━━━ Source data ━━━
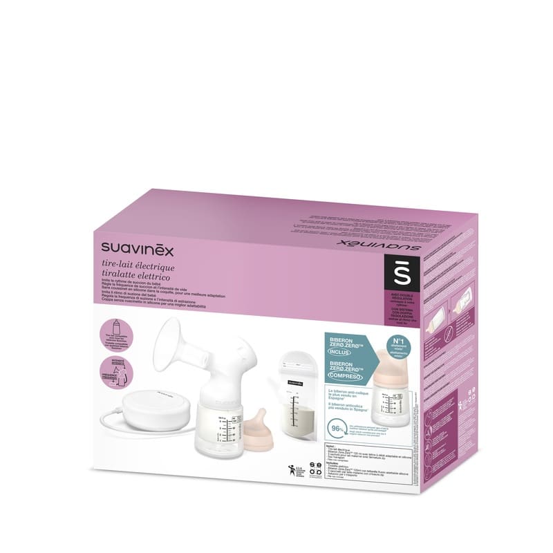 – Tire-Lait électrique Suavinex, extrait le lait maternel rapidement et facilement. Iimite le rythme de succion du bébé.
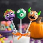 These festive Halloween Cake Pops are easy to make and perfect for spooky celebrations. Featuring colorful candy melts in green, purple, and orange, mini donuts or donut holes, and decorated with candy eyeballs, sprinkles, and black decorating gel, these cake pops bring a fun and delicious treat to any Halloween party.
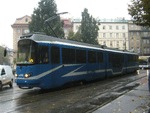 | Wagen 411 auf Linie 20 nach Cichy Kacik unterwegs, Am Teatr Bagatela ist er eben abgefahren. Entstanden 1981, war er bis 9/2009 in Wien mit der Nr.4919 unterwegs. Dr. Sternol, Eckart (Foto) Dr.Sternol@t-online.de |
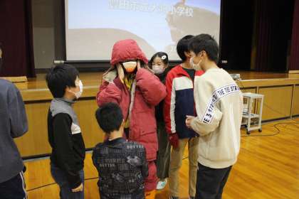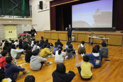 教育支援プログラム「南極クラス」を実施しました。第61次南極地域観測隊 越冬隊の鈴木さんに講師としてお越しいただき、南極での活動を教えていただきました。基地での生活の様子やブリザードの恐ろしさ、南極の自然や動物、オーロラや星空の美しさなど、子どもたちにとって"未知の世界"である南極のお話は、どれも興味深いものでした。鈴木さんの軽快な語りに、子どもたちは、目を輝かせ、話に聞き入っていました。途中、観測隊員の防寒着の試着体験や南極のブリザードの風速60メートルをブロアを使って体験するなど、子どもたちが体感できる活動もあり、大いに盛り上がりました。
━━━
Exercise directions -> Each line from the one containing "(Foto) Dr.Sternol@t-online.de |" through the last line above should be retyped exactly, and no other line. Any picture is to be left out.

Answer for this exercise ->
 | Wagen 411 auf Linie 20 nach Cichy Kacik unterwegs, Am Teatr Bagatela ist er eben abgefahren. Entstanden 1981, war er bis 9/2009 in Wien mit der Nr.4919 unterwegs. Dr. Sternol, Eckart (Foto) Dr.Sternol@t-online.de |
 教育支援プログラム「南極クラス」を実施しました。第61次南極地域観測隊 越冬隊の鈴木さんに講師としてお越しいただき、南極での活動を教えていただきました。基地での生活の様子やブリザードの恐ろしさ、南極の自然や動物、オーロラや星空の美しさなど、子どもたちにとって"未知の世界"である南極のお話は、どれも興味深いものでした。鈴木さんの軽快な語りに、子どもたちは、目を輝かせ、話に聞き入っていました。途中、観測隊員の防寒着の試着体験や南極のブリザードの風速60メートルをブロアを使って体験するなど、子どもたちが体感できる活動もあり、大いに盛り上がりました。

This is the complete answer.